When the Aztecs rose to power and defeated or allied with their neighbors, they destroyed their own records so that they could rewrite them to match state propaganda.
Even Rome itself suppressed or destroyed libraries and religions and schools of thought.
If most all of the known world is ruled by a single emperor, then there's not many places you can go to run or go into exile to if your ideas are suddenly taboo or unwanted. But in a world with many different kingdoms and independent cities, you have many places to go where your ideas will be more welcome, encouraging more diversity of ideas.
>>459213
An answer that isn't a meme, the roman education system did not encourage free thought at all, they enforced repetition and memorisation in a very tedious and boring way that is credited with stunting the intellectual growth of the Romans.
>>459213
You're asking the wrong question.
The correct question is: "Why did the Greek state(s) fall to the Roman empire, despite the discoveries of the Greeks?"
>>459856
Constant infighting compared to Rome's strong central authority (relatively speaking) and ability to outproduce any of them. Losing an entire army would mean most kingdoms and cities would have lost the war, for Rome it just meant they had to quickly put together another army.

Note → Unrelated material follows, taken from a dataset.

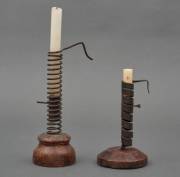Twee ijzeren spiraalvormige 'rat de cave' kandelaars op houten voet, West-Europa, 19e eeuw, 24 x Ø 9 cm

What have the Romans ever done for us?
>>459258
>le Greeks were le gay mee-mee
>>460869
Modern roads, architecture, aqueducts, democratic government system...?
>To ravage, to slaughter, to usurp under false titles, they call empire; and where they make a desert, they call it peace.
There is an interesting observation that original learnings and arts in pre-modern times did flourish in similar conditions, namely among small independent city-states fighting each-other for prestige, for example ancient Greece, Islamic Spain in 11th century, Italy in late middle ages. At the same time large empires lead to stagnation and proliferation of unoriginal "copyist, commentators and compliers".
>>460896
All right, but apart from the modern roads, architecture, aqueducts, democratic government system, what have the Romans ever done for us?
>>459213
firstly science didnt realy exist back then
second, romans had a very limited idea of 'science', basicaly if it wasnt practical and effectively usefull they had no real way of understanding it as valuble, so they just ignored it
maybe some personaly had interest in some branch or discipline, but most of the matematichians in the empire, other than engeneers, were slaves, mobile human calculators basicaly
so as far as romans were concerned mathemathics and gemetry etc are disciplines that greeks do so romans could build their architecture and construct catapults and so on
on the other hand romans were highly supperstitious
athens invented
rome applied
>>460936
>At the same time large empires lead to stagnation and proliferation of unoriginal "copyist, commentators and compliers".
Enlightenment England and France would like a word.
>>460970
>on the other hand romans were highly supperstitious
Mathematics and science were inseparable from Greek superstition. The Romans were actually highly pragmatic.
>>460991
>The Romans were actually highly pragmatic.
The Romans were notably more superstitious than Greeks. We had a thread about this a few days ago.
>>460954
Pizza
>>461003
Link please.
>>461017
I mean, I'd look myself, but OP name and text could be anything.
>>460984
>copyist, commentators and compliers
>Enlightenment England and France would like a word.
But it's true
>>460954
has made up many lingua franca plus a primigenious european/christian spirit of unity you barbarian scum
Read Spengler.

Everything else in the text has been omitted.